(Listed records begins)
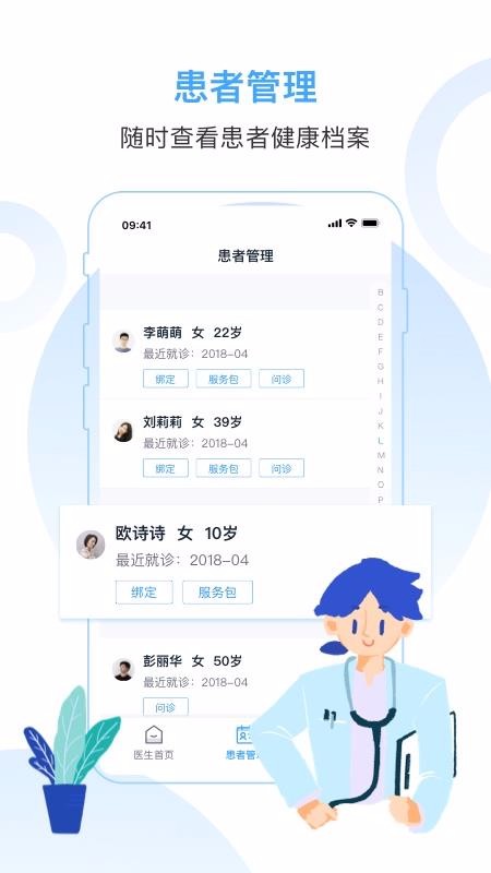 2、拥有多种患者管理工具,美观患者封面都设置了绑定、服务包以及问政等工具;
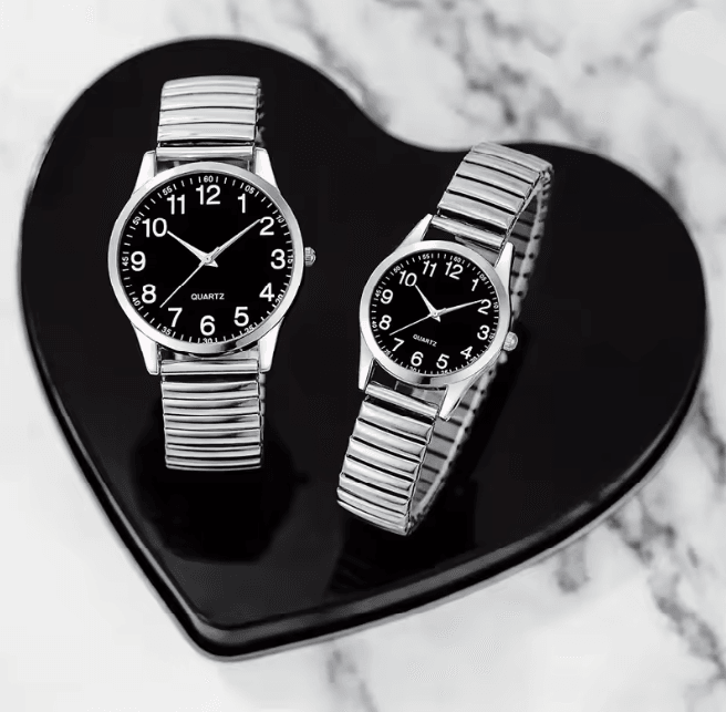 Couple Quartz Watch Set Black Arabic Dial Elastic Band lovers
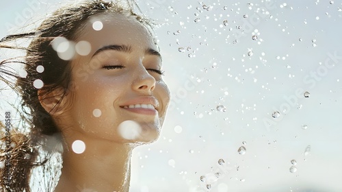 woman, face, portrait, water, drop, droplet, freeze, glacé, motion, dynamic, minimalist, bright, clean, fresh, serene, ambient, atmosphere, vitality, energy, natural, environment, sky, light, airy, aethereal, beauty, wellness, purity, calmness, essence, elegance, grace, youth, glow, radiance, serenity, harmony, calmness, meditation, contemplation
(Listed records ends)
(Listed records begins)
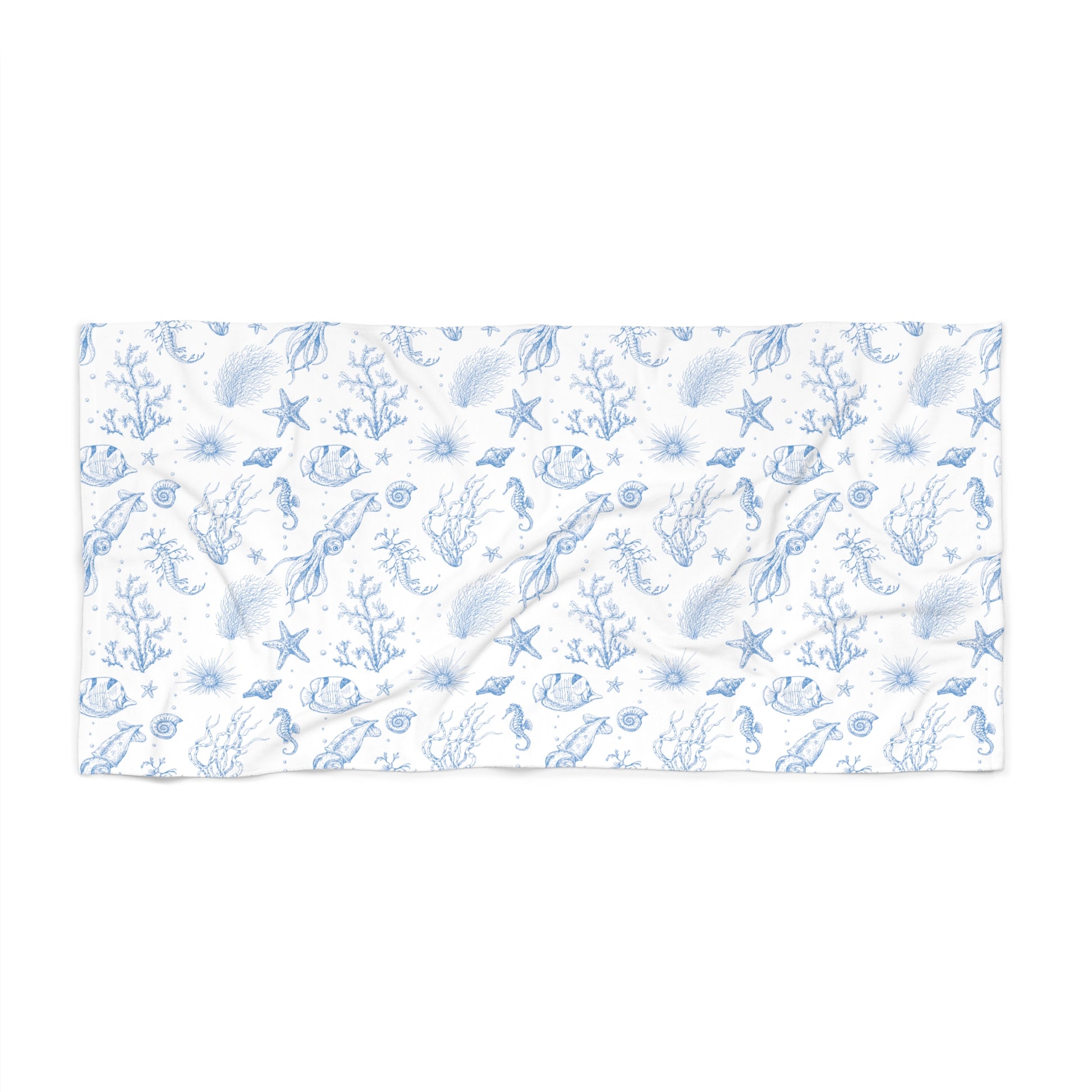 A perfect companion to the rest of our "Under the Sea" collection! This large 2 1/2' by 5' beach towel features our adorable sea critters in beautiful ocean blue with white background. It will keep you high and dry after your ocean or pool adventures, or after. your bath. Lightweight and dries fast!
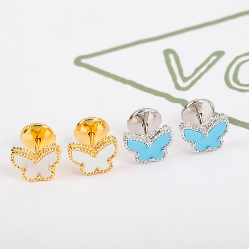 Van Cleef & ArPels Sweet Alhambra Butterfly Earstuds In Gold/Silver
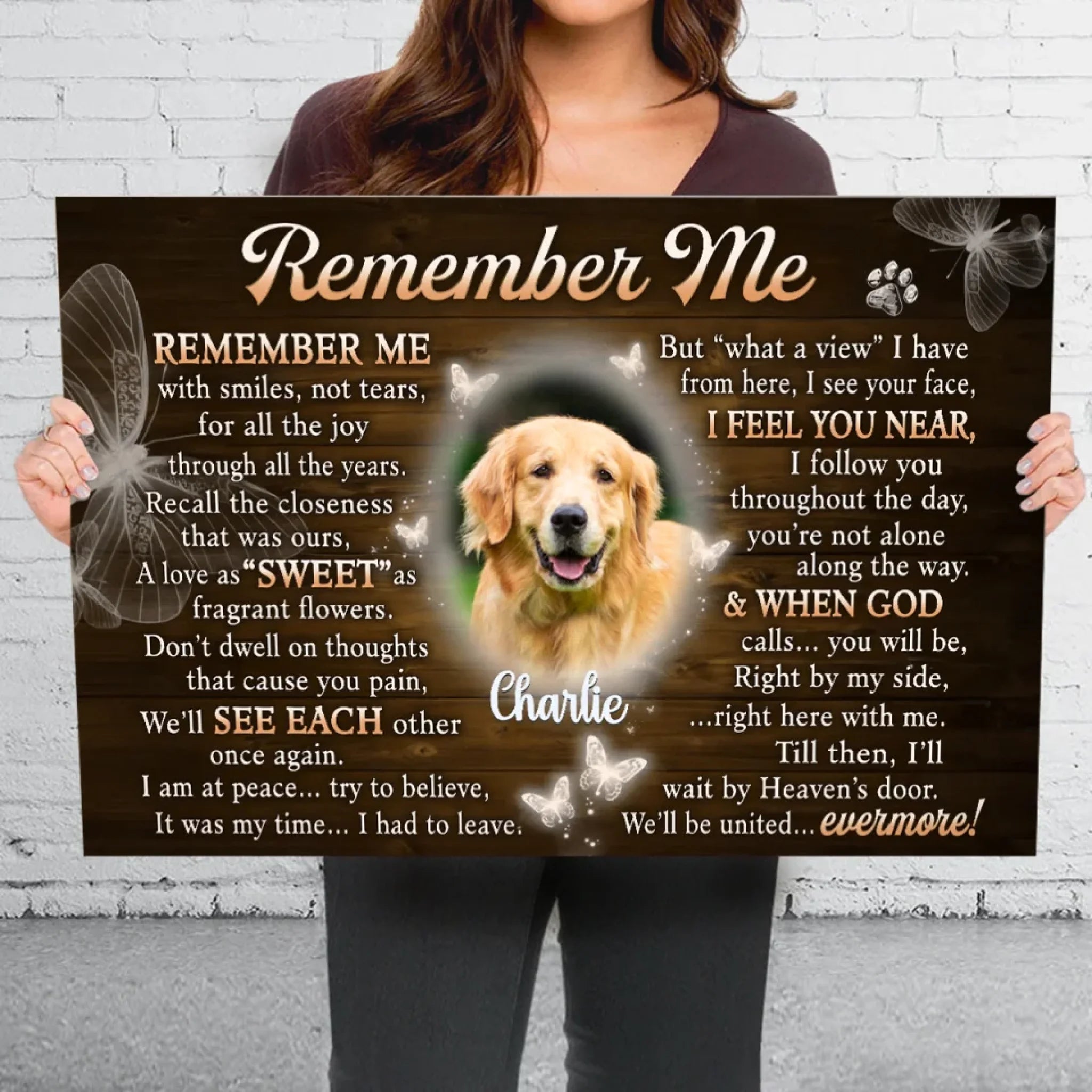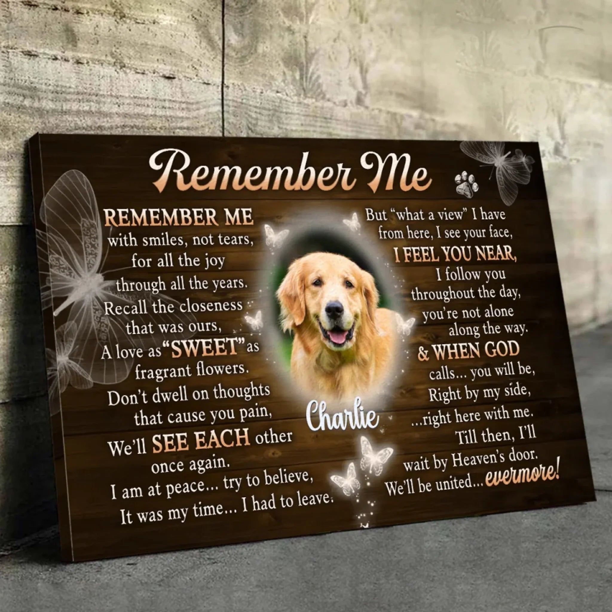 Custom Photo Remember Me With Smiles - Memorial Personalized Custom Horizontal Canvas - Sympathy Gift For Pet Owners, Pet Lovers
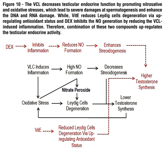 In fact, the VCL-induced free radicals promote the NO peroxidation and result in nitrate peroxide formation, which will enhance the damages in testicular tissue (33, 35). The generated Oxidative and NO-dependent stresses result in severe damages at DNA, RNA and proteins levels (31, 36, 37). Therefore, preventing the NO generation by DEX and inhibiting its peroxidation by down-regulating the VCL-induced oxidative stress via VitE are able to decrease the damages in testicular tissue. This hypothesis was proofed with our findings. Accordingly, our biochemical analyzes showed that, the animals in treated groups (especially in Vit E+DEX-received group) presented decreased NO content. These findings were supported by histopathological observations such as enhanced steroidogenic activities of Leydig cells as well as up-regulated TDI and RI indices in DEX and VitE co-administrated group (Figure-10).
(Listed records ends)
### Directions for this task
What you write must match the listing exactly, from the line with "A perfect companion" up to and including the line with "Custom Photo Remember". Pictures stay out.

### Task result
 A perfect companion to the rest of our "Under the Sea" collection! This large 2 1/2' by 5' beach towel features our adorable sea critters in beautiful ocean blue with white background. It will keep you high and dry after your ocean or pool adventures, or after. your bath. Lightweight and dries fast!
 Van Cleef & ArPels Sweet Alhambra Butterfly Earstuds In Gold/Silver
 Custom Photo Remember Me With Smiles - Memorial Personalized Custom Horizontal Canvas - Sympathy Gift For Pet Owners, Pet Lovers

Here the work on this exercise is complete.